- Directed by: Cirio H. Santiago
- Screenplay by: Joseph Zucchero
- Produced by: Cirio H. Santiago
- Starring: Brett Baxter Cec Verrell William Steis Ed Crick Robert Patrick
- Release date: 1987;
- Running time: 82 minutes
- Countries: United States Philippines
- Language: English

= Eye of the Eagle (1987 film) =

1987 film by Cirio H. Santiago

Eye of the Eagle (also known as The Lost Command) is a 1987 action-thriller film directed and produced by Cirio H. Santiago, written by Joseph Zucchero, and starring Brett Baxter, Cec Verrell, William Steis, Ed Crick and Robert Patrick. It was followed in 1989 by Eye of the Eagle 2: Inside the Enemy.

==Plot==
Sgt. Rick Stratton sets out to stop a band of renegades known as the Lost Command who are terrorizing South Vietnam.

==Cast==
- Brett Baxter Clark as Sgt. Stratton
- Robert Patrick as Cpl. Johnny Ransom
- Ed Crick as Sgt. Bo Rattner
- William Steis as Capt. Carter
- Cec Verrell as Chris Chandler
- Rey Malonzo as Cpl. Willy Leung
- Mike Monty as Col. Stark
- Vic Diaz as Col. Trang
- Henry Strzalkowski as Cpl Weasel Watkins
- Willie Williams as Gimme Five
- Nick Nicholson as Pfc. Crazy Dog
- David Light as Sgt. Maddox
- Mel Davidson as Cpl. Beller
- Jim Moss as Sgt. Warden
- Tony Beso as Lol Pot
- Jerry Hart as Doctor
- David Anderson as Special Forces Officer
- Steve Rogers as Sgt. Rattner's Men

==Reception==
Timothy Young of mondo-esoterica.net recommended it as "An action packed trashy war film that ticks almost all the necessary boxes" and called it "One for fans of low budget action and exploitation films."

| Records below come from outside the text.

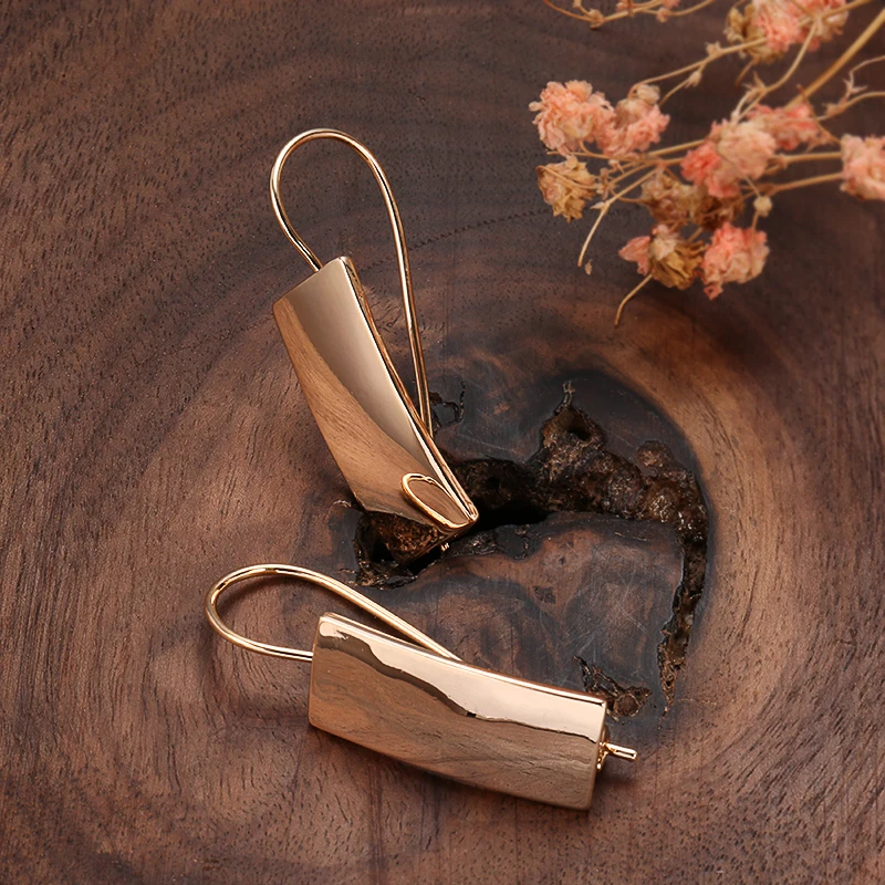 Серьги-подвески женские из розового золота 585 пробы, квадратные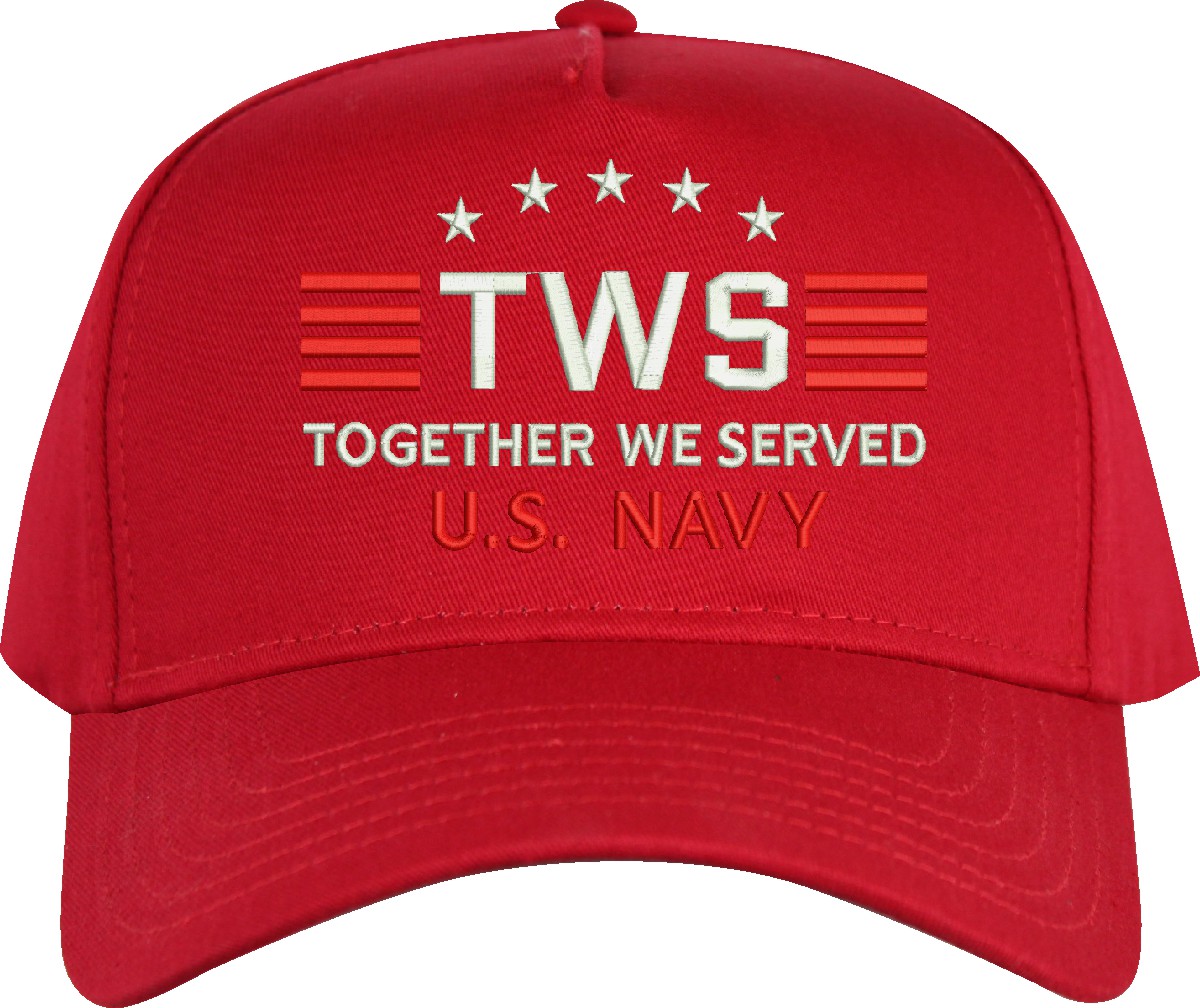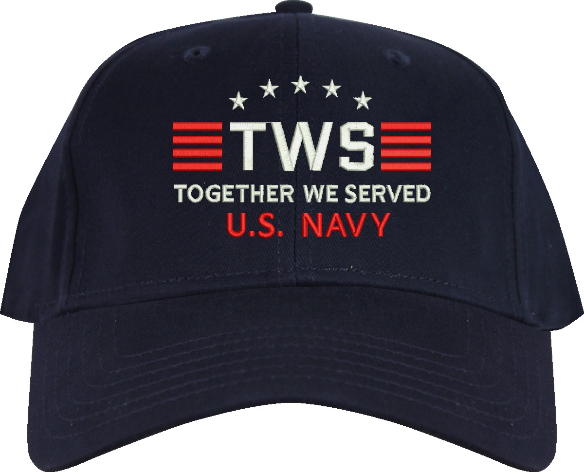 All Text on Custom Orders will be embroidered in ALL CAPITAL LETTERS.MilitaryBest is proud to offer Together We Served U.S. Navy imported cotton twill caps for our United States military veterans. Each cap is embroidered to order at our facilities in Scottsboro, AL by Americans with a passion for patriotism! You can personalize your cap with embroidered text on the back for an additional $7.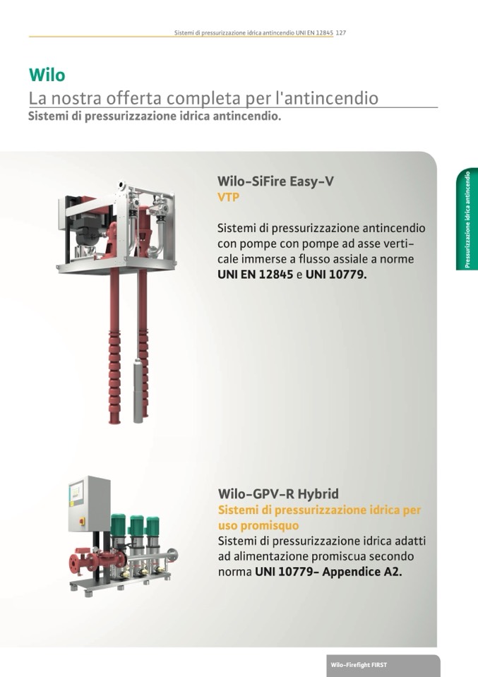 Sistemi di pressurizzazione idrica antincendio UNI EN 12845 127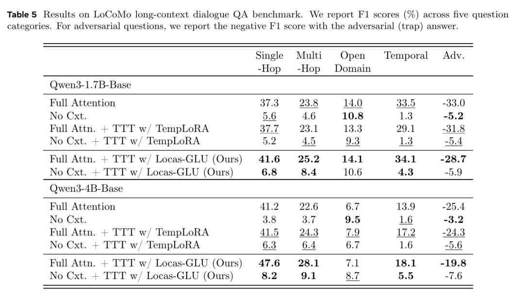 在没有任何对话上下文的情况下进行评估(见表 5 中的 "No Cxt." 行),Locas-GLU 持续优于 TempLoRA,尤其是在多跳问题上(Qwen3-1.7B-Base 上为 8.4% vs. 4.5%,Qwen3-4B-Base 上为 9.1% vs. 6.4%)。这表明 Locas-GLU 能更有效地将对话事实内化为持久的参数化记忆,即使无法访问原始上下文也能进行回忆。在时间问题上的差距(Qwen3-1.7B-Base 上为 4.3% vs. 1.3%)进一步验证了研究团队的侧向架构能更好地捕捉时间关系。

Criticonline.com's review reads, "If you like war action films, EYE OF THE EAGLE is a good way to spend 82 minutes."

Eric Reifschneider of bloodbrothersfilms.com gave the film a negative review of 1/5, writing, "All aspects of this film are just downright poor, from its writing, to its editing, to its acting."